== Activity ==
The expected result is a verbatim repetition of the lines from the start of the entries through the line containing "Carro se queda", with the pictures removed.

== Extracted data ==
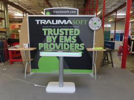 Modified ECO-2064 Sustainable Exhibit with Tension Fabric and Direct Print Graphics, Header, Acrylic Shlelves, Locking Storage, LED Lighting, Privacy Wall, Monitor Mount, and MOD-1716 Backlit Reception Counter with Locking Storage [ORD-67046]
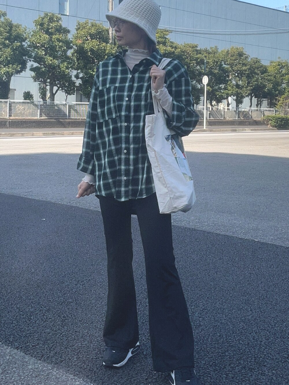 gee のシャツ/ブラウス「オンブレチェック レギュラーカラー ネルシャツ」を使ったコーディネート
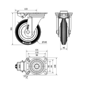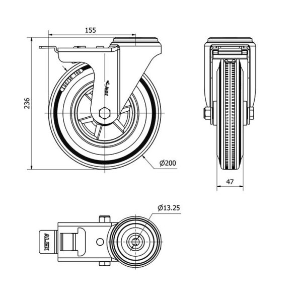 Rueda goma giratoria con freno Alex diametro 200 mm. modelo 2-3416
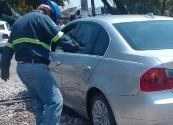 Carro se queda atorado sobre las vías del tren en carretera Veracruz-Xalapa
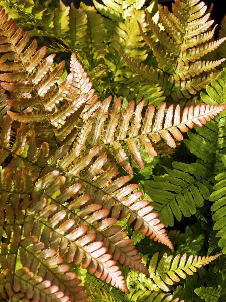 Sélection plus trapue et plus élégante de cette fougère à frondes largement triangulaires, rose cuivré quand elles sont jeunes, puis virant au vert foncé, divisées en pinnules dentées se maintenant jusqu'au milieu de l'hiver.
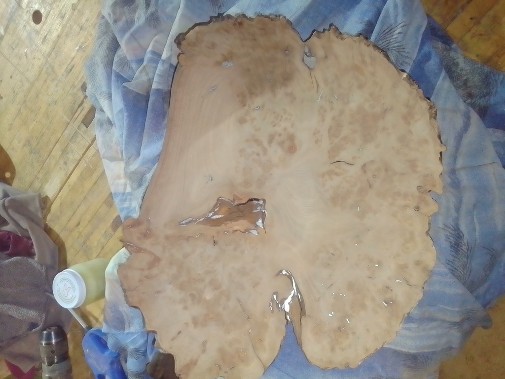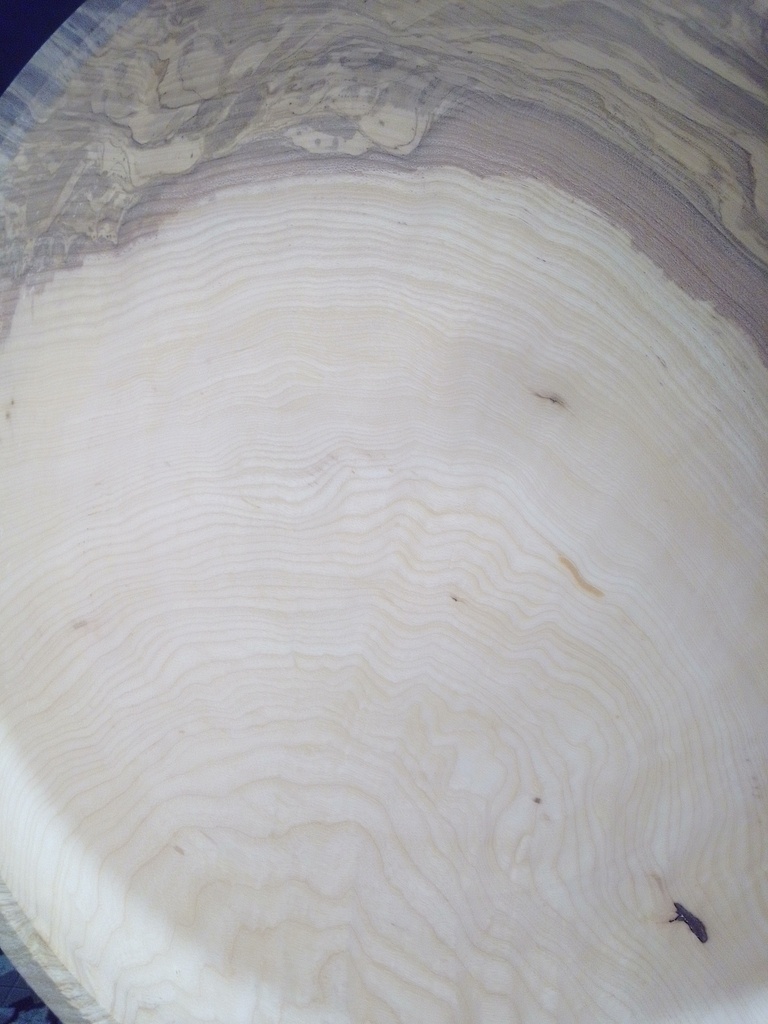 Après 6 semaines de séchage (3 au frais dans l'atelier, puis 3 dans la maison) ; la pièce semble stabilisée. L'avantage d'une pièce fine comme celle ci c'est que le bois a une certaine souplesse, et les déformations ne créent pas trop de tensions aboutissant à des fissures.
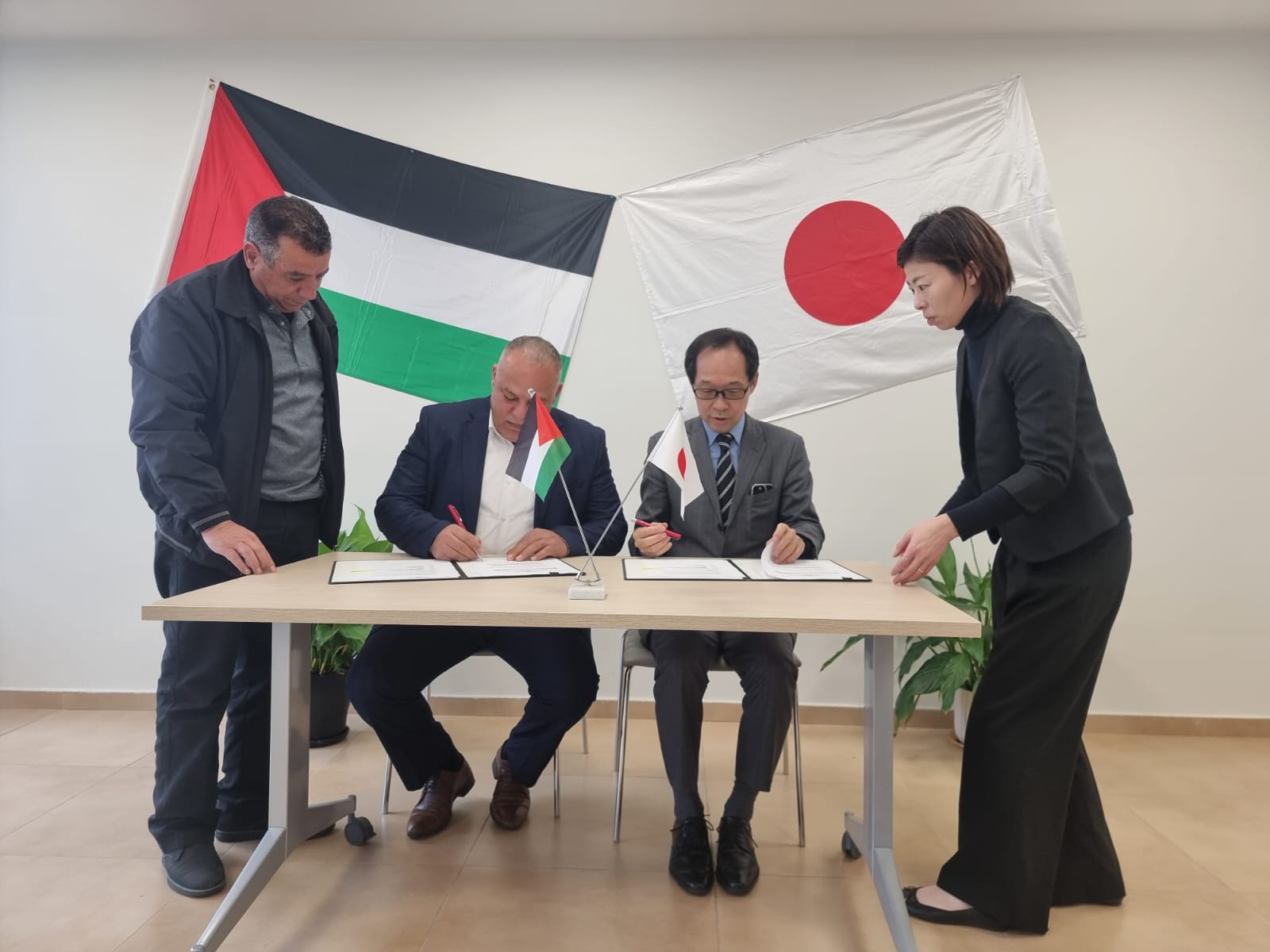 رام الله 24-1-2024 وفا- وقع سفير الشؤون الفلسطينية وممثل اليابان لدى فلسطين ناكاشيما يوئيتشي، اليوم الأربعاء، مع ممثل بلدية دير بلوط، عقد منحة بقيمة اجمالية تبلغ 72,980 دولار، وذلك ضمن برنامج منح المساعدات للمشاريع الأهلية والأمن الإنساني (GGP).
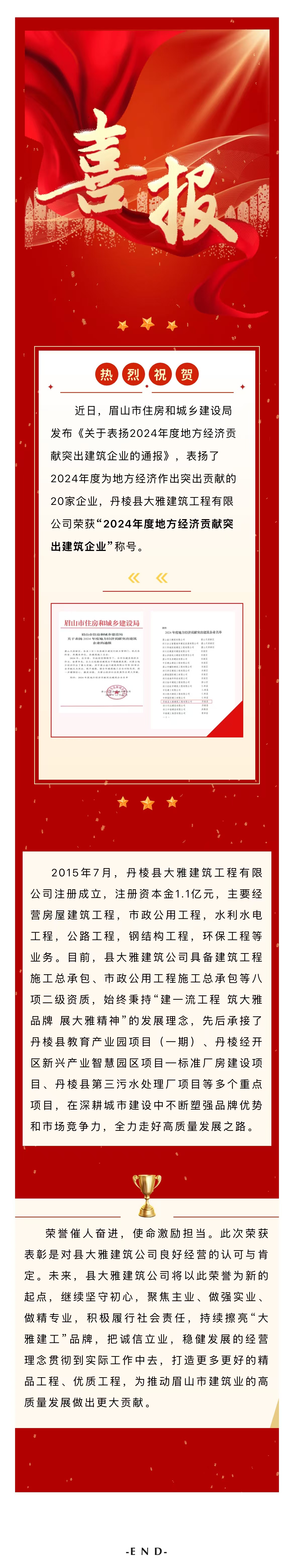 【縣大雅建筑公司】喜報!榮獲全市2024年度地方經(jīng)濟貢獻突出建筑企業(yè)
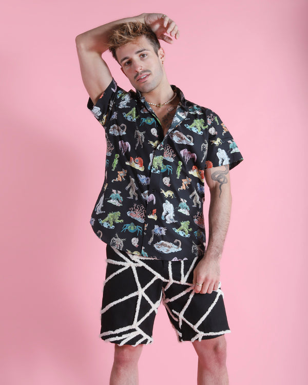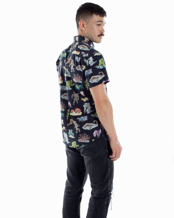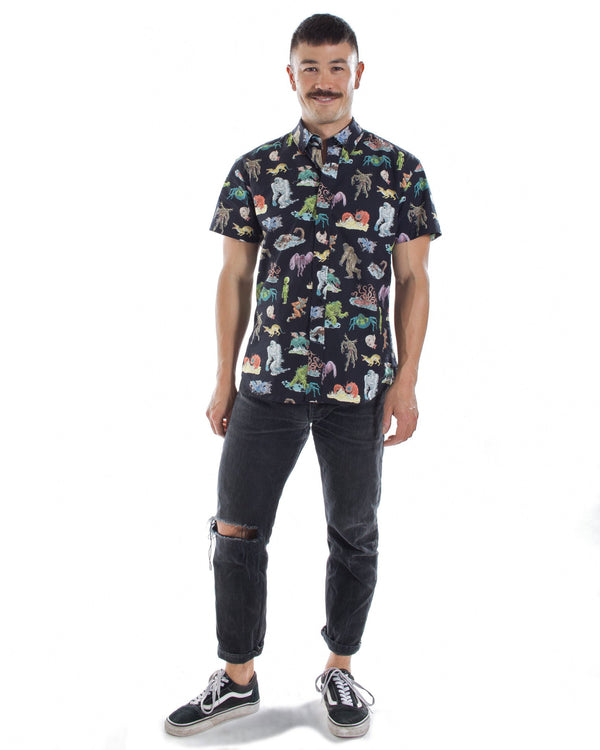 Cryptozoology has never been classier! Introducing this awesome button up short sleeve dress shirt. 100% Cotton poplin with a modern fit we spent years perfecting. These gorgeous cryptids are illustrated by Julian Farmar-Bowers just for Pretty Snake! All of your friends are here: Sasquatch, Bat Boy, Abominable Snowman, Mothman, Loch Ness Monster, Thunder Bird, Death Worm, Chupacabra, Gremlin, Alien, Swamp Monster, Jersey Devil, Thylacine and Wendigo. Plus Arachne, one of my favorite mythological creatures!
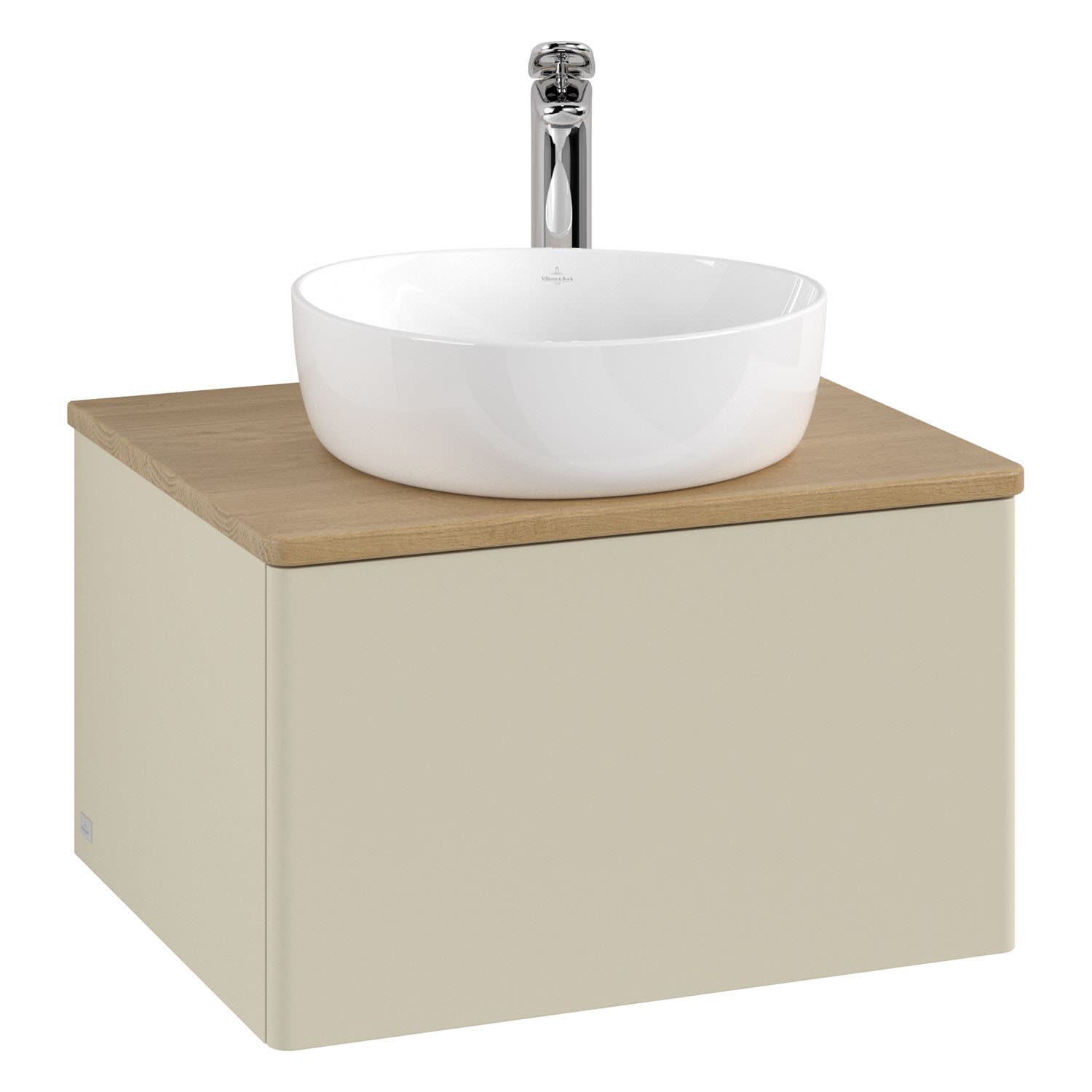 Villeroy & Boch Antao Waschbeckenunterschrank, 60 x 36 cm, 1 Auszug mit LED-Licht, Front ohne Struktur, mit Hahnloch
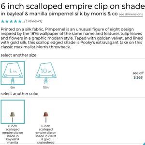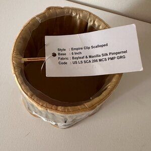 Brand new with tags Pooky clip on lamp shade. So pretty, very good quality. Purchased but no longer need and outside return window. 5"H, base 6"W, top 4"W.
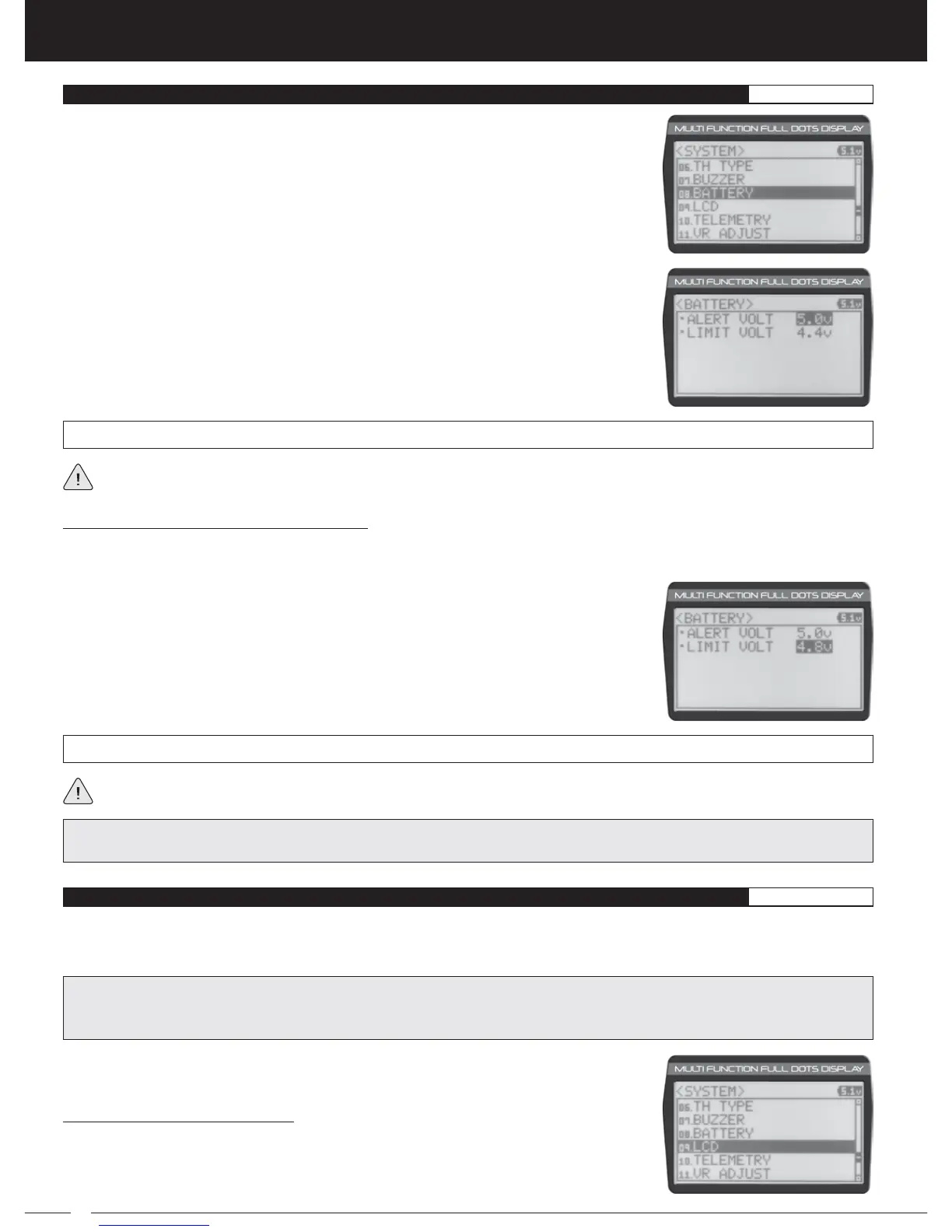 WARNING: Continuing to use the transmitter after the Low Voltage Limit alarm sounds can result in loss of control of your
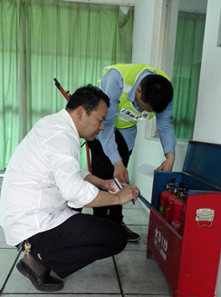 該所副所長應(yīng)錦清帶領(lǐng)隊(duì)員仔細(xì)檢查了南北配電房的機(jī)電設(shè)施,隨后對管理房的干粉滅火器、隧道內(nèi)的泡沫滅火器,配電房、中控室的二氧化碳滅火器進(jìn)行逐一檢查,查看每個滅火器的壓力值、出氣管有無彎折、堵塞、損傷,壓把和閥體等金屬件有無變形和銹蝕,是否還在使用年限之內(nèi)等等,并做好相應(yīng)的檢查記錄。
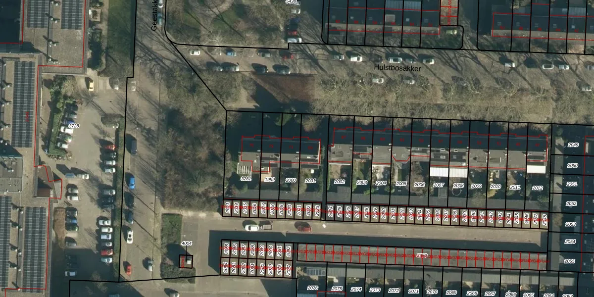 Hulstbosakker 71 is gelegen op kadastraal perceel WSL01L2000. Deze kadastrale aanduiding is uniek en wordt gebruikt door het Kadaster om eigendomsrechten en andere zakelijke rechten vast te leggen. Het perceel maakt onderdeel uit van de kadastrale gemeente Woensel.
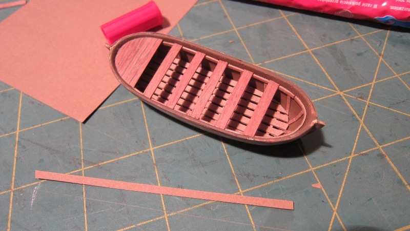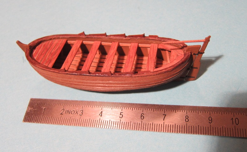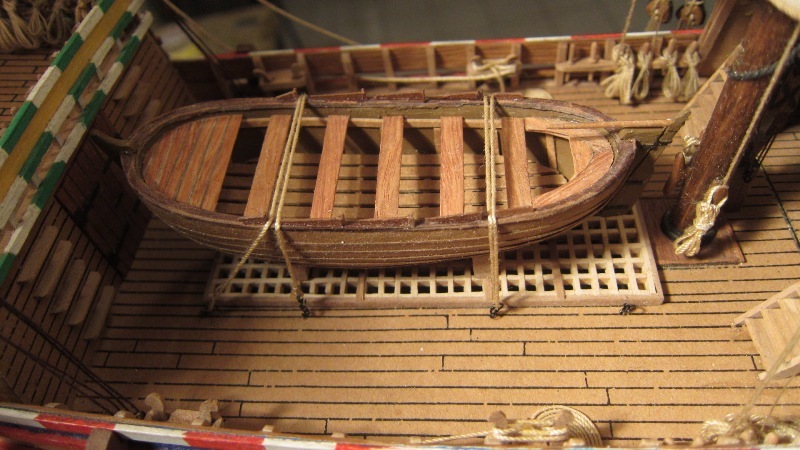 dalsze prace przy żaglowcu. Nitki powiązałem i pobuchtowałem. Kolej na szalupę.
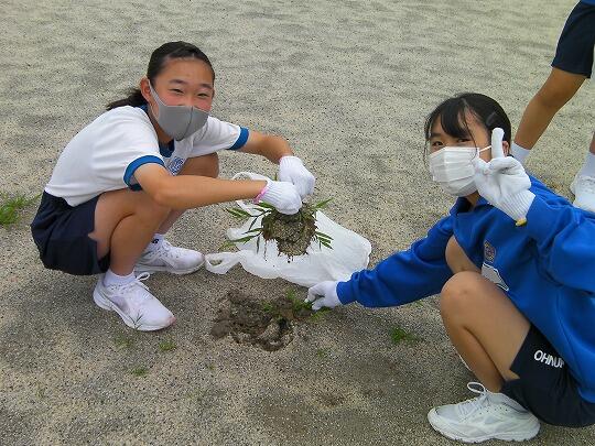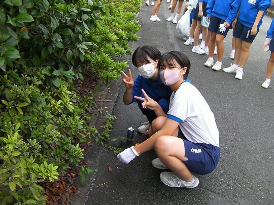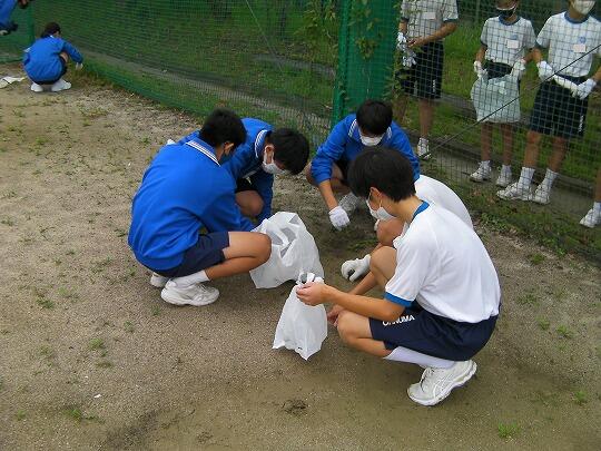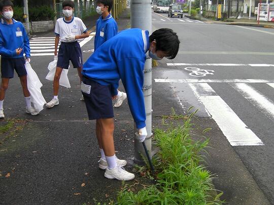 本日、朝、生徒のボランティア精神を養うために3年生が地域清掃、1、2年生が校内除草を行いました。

== Answer to this problem ==
 Modified ECO-2064 Sustainable Exhibit with Tension Fabric and Direct Print Graphics, Header, Acrylic Shlelves, Locking Storage, LED Lighting, Privacy Wall, Monitor Mount, and MOD-1716 Backlit Reception Counter with Locking Storage [ORD-67046]
 gee のシャツ/ブラウス「オンブレチェック レギュラーカラー ネルシャツ」を使ったコーディネート
 Rueda goma giratoria con freno Alex diametro 200 mm. modelo 2-3416
 Carro se queda atorado sobre las vías del tren en carretera Veracruz-Xalapa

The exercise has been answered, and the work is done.